How Nike Air Jordans, Adidas Yeezys, And Supreme Are Going To Change Your Business Strategies In 2019
Posted on February 26th, 2019
3 min read
I didn’t really get “sneakerhead” culture or its closely related cousin, “streetwear” culture, until I saw a picture of former President Obama looking suave in a Rag and Bone bomber jacket, with the number 44 stitched on it.  

My first thought upon seeing that picture: “I want that jacket.”

Unfortunately for me, Obama’s signature jacket, a gift from Jerry Seinfeld, is one of a kind. I could buy a generic version of the jacket, without the “44” embroidery, for $595 from Rag and Bone’s website.

But let’s say Rag and Bone decides to release millions of copies of Obama’s signature “44” jacket, and sell it at a more accessible price point. In that scenario, I can imagine everyone buying it—and I can also imagine that I won’t want it anymore.

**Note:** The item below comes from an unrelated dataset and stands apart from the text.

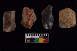| Description / विवरण | There are n 4 flakes tool; there are large flakes with sides trimmed, Marks of secondary flaking are present on the both the faces. The dorsal is relatively flat. One is pointed functional top. |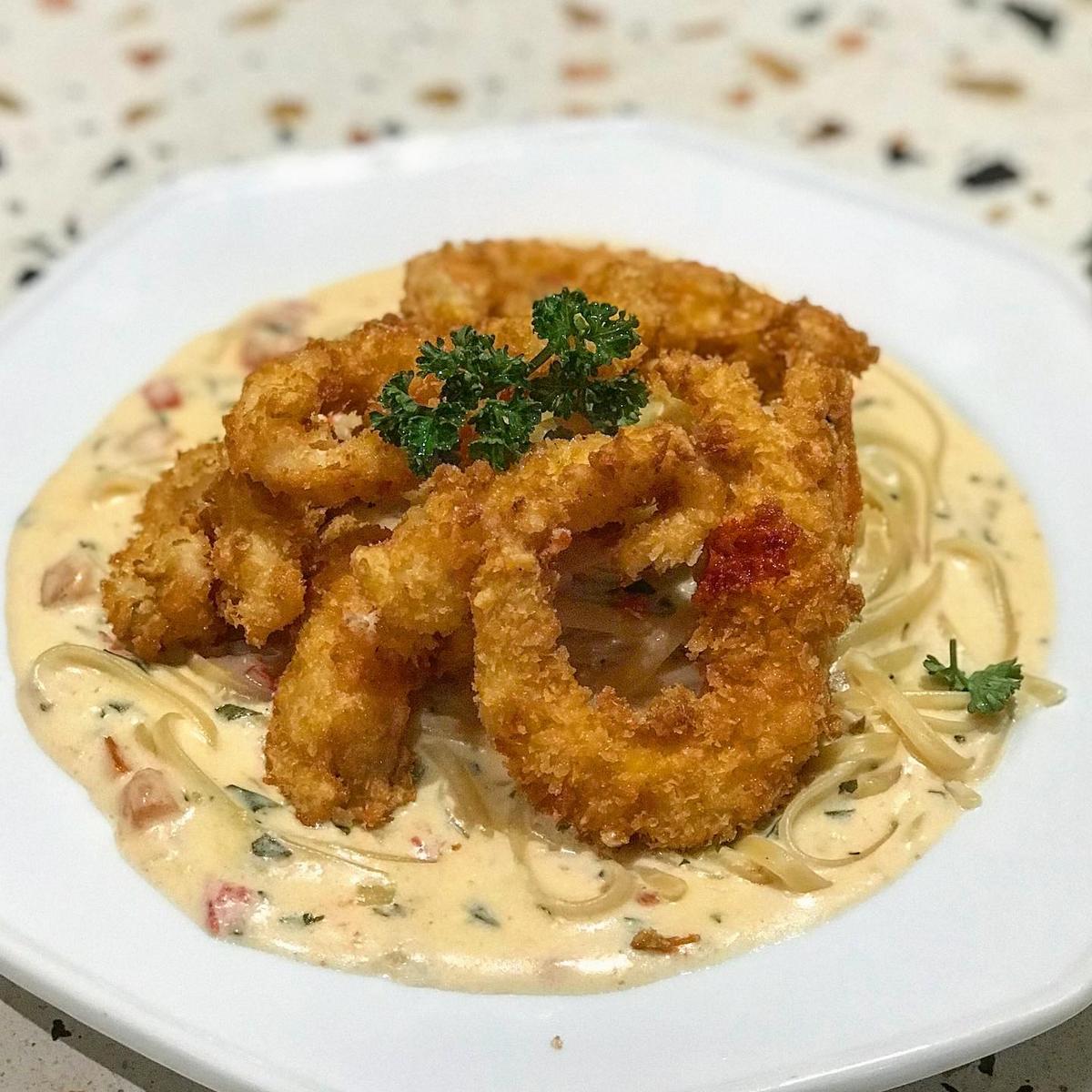 這道的名字真的是淺顯易懂🤣,這個炸工真的是一流~外皮真的酥脆到不行!白醬很濃郁帶點青醬跟蒜香的味道,層次很豐富,麵條是寬扁麵~吃起來硬度剛好,不會過硬過軟👍🏼

That’s “sneakerhead” culture!

How Nike and Michael Jordan Launched the Sneakerhead Subculture
In 1985, Nike collaborated with Michael Jordan on a basketball shoe, which they named the Air Jordan I. This was the first and only pair of Jordans to include Nike’s signature “Swoosh” logo.  

The sports legend famously wore his new sneakers at that year’s NBA Slam Dunk Contest, where millions of viewers watching from home saw them for the first time.

Suddenly, teenage boys all over America wanted a pair of Jordans. But they weren’t cheap. The original Air Jordans cost $65 in 1985, which was the equivalent of about $153 in today’s money. Sure, $153 isn’t much if you’re a Wall Street investment banker, but it is more than most parents are willing to spend on a pair of sneakers for their kids.

The price of Jordans continued to increase as new models were released. Not only were newer models getting more expensive; the demand for older, discontinued Jordans also grew, which exploded the resale value of those sneakers.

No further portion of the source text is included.